Humphries hörte sich an, wie er halb um Entschuldigung heischend, halb dozierend darlegte, was einen guten Vater ausmachte. Humphries lehnte sich auf dem Stuhl zurück und legte die Hände in den Schoß, um nicht vor lauter Ungeduld mit den Fingern auf dem Tisch zu trommeln; vor dem geistigen Auge sah er noch einmal seinen neugeborenen Sohn: ein dürres, rothäutiges, kreischendes kleines rattenartiges Ding, die Augen geschlossen, der Mund offen und keuchend, jämmerliche Zahnstocher-Ärmchen und Beinchen, die kläglich schlegelten. Ein Kümmerling. Ein hilfloser, nutzloser Kümmerling.

Er hatte das Baby nur einmal gesehen, gleich nach Amandas Tod. Als Humphries auf das Kind starrte, das im Brutkasten nach Luft rang, hatte er stumm zu ihm gesagt, du hast sie umgebracht. Du hast meine Frau umgebracht. Sie ist gestorben, weil sie dir das Leben schenkte.

Er war aus der Kinderstation gegangen und hatte das Baby seither nicht mehr gesehen.
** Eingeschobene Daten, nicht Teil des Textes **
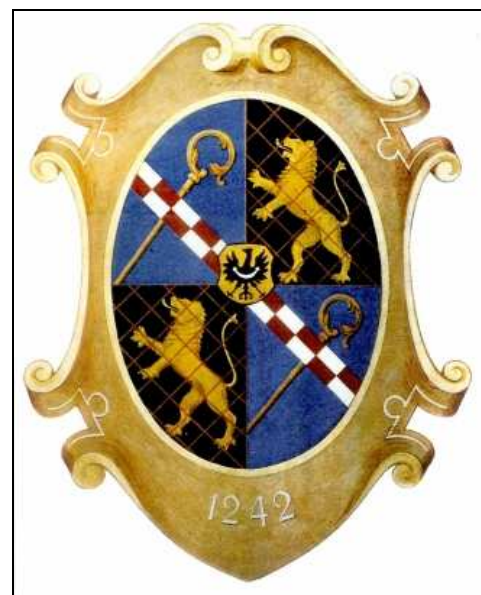
Das Wappen der Abtei Grüssau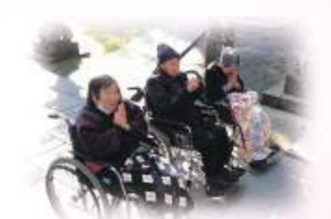
どうぞよい年でありますように…（甲佐神社）

Er wusste, wenn er es tat — wenn er noch einmal auf die Kinderstation ging —, käme er noch in Versuchung, das Balg zu töten. Es im Brutkasten zu ersticken, ihm die Luft abzudrehen, sich seiner irgendwie zu entledigen.

Doch er bekam keine Gelegenheit dazu. Es scharwenzelten zu viele Krankenschwestern und Kinderärzte und Pflegekräfte um das kleine Ungeheuer herum.

Außerdem war es im Grunde gar nicht die Schuld des Babys, sagte Humphries sich. Es ist Fuchs. Vergiss das nicht. Es ist seine Schuld. Er hat Amanda getötet. Er hat sie dazu getrieben, die Drogen zu nehmen, die sie töteten und meinen Sohn zerstörten. Er hat sich all die Jahre hinter ihrem Schutz verborgen. Aber damit hat es nun ein Ende. Aus und vorbei.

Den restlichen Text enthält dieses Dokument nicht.